Верочка вспыхивает и вихрем летит куда-то в глубину квартиры и возвращается через две секунды, размахивая голубым дневником, откуда вылетает розовая промокашка с наклеенной картинкой: корзинка фиалок и два голубка — и долго зигзагами планирует по комнате. Верочка швыряет тетрадь на выкройки и быстро переворачивает страницы.
— Госсподи, вот люди! Не верят! На, смотри: вторник, двадцать второе ноября. Русский язык — повторить. История — повторить. Алгебра — не было преподавателя. Ну, и рукоделие. Убедилась? — И Верочка шумно захлопывает дневник.
— Ну иди, — говорит maman со вздохом. — Но когда же вы вернетесь?
— Через полчаса, — говорю я с легким полупоклоном.
— Не расписывайтесь за неграмотных, — говорит Верочка, обдавая меня презрительным взглядом. — То есть за грамотных. Лично я буду гулять, сколько захочу. А вы как знаете.
Я опять щелкаю шпорами и делаю полупоклон в сторону.
— Не извольте беспокоиться: через полчаса ровно будем дома.
— Посмотрим! — коротко бросает Верочка.
— Идите, — говорит maman, — только надень, Верочка, теплое пальто.
— Не хочу, мне не холодно.
— Тогда не пойдешь.
— Пойду.
— Или наденешь теплое пальто, или будешь сидеть дома.
— Но пойми же, мамочка, что это насилие над личностью.
— Как знаешь. Но я тебя не пущу.
Пожалуй, в виде протеста, Верочка осталась бы дома, но в окно виден противоположный корпус, весь белый от лунного света с синими, почти что черными, косыми тенями многочисленных балконов.
Ах, как сейчас волшебно на дворе!
Верочка покорно вздыхает и с видом жертвы, обреченной на заклание, всовывает руки в рукава легкой, душистой шубки, которую я ей подаю, нарочно становясь на носки, чтобы она помучилась.
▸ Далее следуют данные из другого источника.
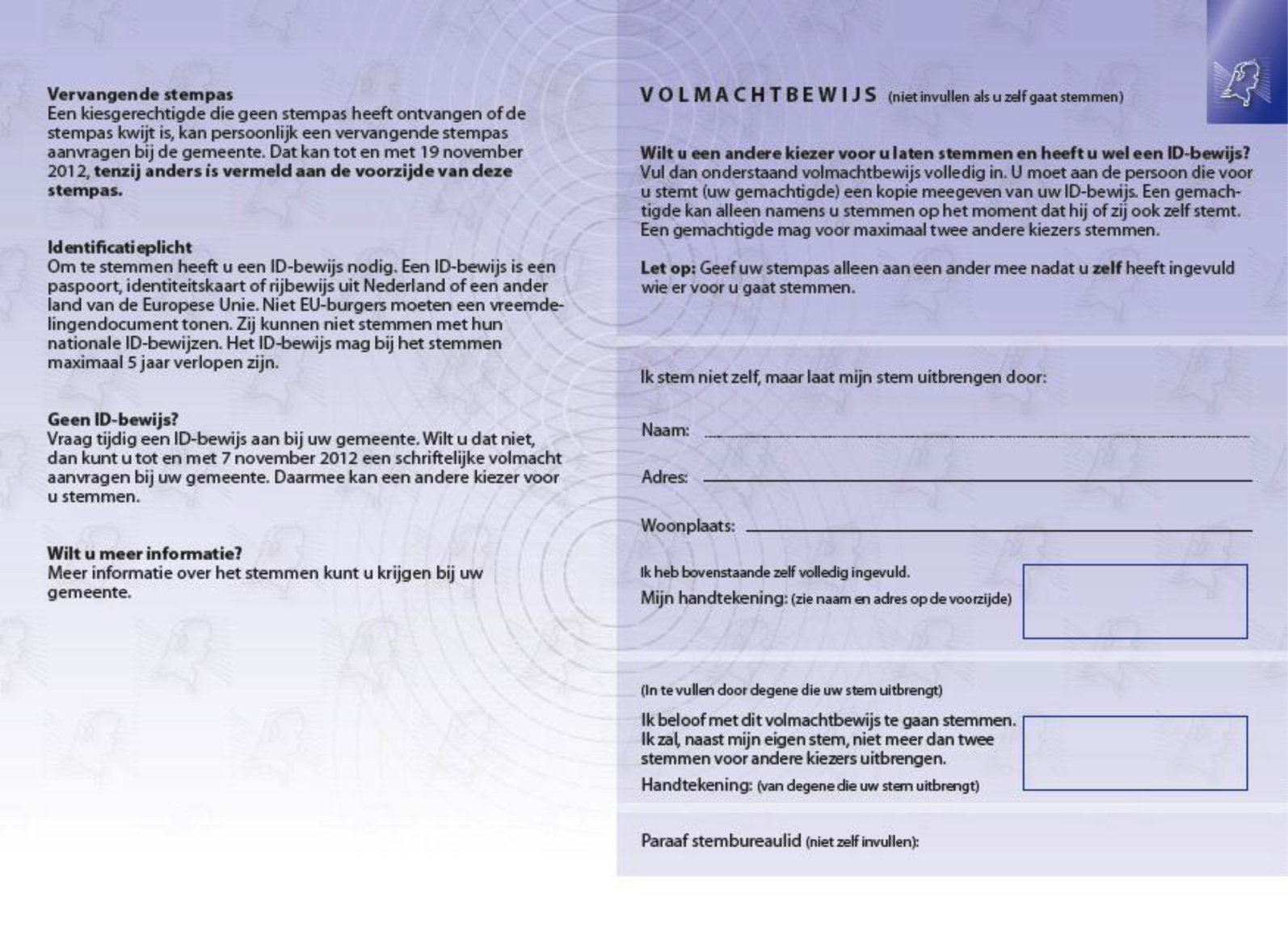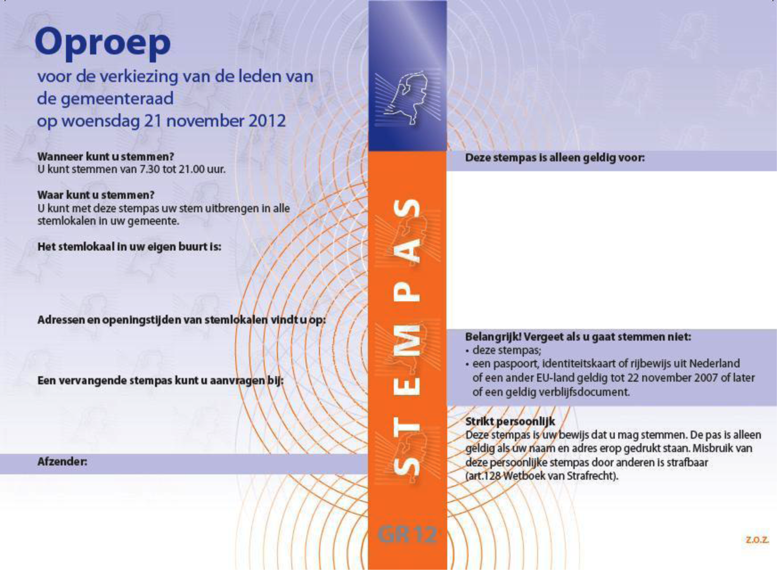 Voor de herindelingsverkiezingen van de leden van de gemeenteraden ‘Goeree-Overflakkee’, ‘Molenwaard’ en ‘Schagen’ op woensdag 21 november 2012 luidt de stempas als volgt: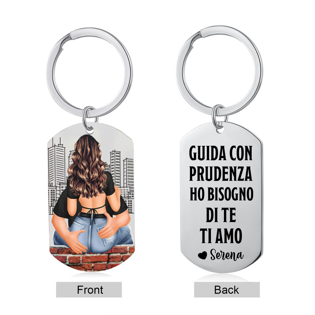 Guida Con Prudenza-Portachiavi personalizzabile con nome per coppia

— Скажите, разве это жизнь, а не прозябание? — говорит Верочка, глядя мне в лицо снизу вверх, когда мы спускаемся по лестнице, таинственно озаренной лунным светом. Я иронически смотрю на ее волосы, поднятые на затылке «а-ля директуар», и на легкие колечки волос на шее.
— Наоборот. В шубке вы будете прозябать гораздо меньше.
— Плохо.
— Что плохо?
— Острите плохо. За такие остроты вешают.
— Повесьте.
— Не могу.
— Почему?
— Жалко.
— Ага!
— А вы этим пользуетесь. Нечестно. Почему вы со мной не хотите говорить серьезно? Не удостаиваете? А то никак не разберешь, когда вы шутите, а когда нет.
— Хорошо.
— Что хорошо?
— Хорошо: будем говорить серьезно. Вы можете ответить мне на один вопрос? Только вполне откровенно.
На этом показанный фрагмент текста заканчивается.